From The New Publishing Standard:
The head of the UK’s Publishers Association puts a brave face on the latest numbers from Nielsen, which show digital heading for an all-time high as this year winds down.
Despite a significant drop in print sales, as we’d expect with the country’s “nations” (England, Scotland, Wales, Northern Ireland) in varying stages of lockdown, UK publishers have been doing surprisingly well this year, and that is in large part due to online print sales, and to sales of ebooks and audiobooks.
Per the UK’s The Guardian, summarising the latest Nielsen stats,
The pandemic has revived the fortunes of the consumer ebook.
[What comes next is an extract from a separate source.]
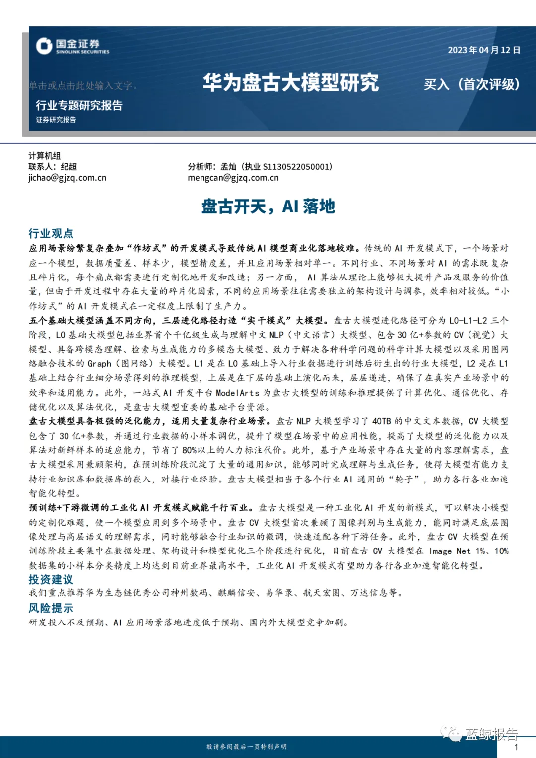 国泰君安-计算机行业:AI大模型赋能千行百业.pdf

The format once touted as the future of reading has suffered six straight years of sales declines since peaking in 2014 but this year has been different, with sales home and abroad up 17% to £144m in the first half. UK publishers can now expect consumer ebooks to enjoy their best year since 2015, when sales were just under £300m.
The UK Publishers Association CEO Stephen Lotinga explained,
In a challenging year for the UK publishing industry, growth in digital has helped counterbalance print decreases. These figures really emphasise the enduring nature of books and reading – and that readers continue to embrace books in all their forms.
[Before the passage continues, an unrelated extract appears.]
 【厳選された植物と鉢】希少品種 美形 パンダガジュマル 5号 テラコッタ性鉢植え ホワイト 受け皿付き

So let’s get this straight. With people confined to their homes, with endless time to spend on their screens on social media or playing mobile games or watching Netflix… The enduring nature of books and reading prevails, says Lotinga.
That’s great. Nothing to disagree with there. Only… Whatever happened to screen fatigue, Stephen?
Screen fatigue? That was the buzzword in the publishing industry a few years ago when the digital naysayers were eager to explain slowing ebook sales without admitting publishers had artificially warped the market against the format.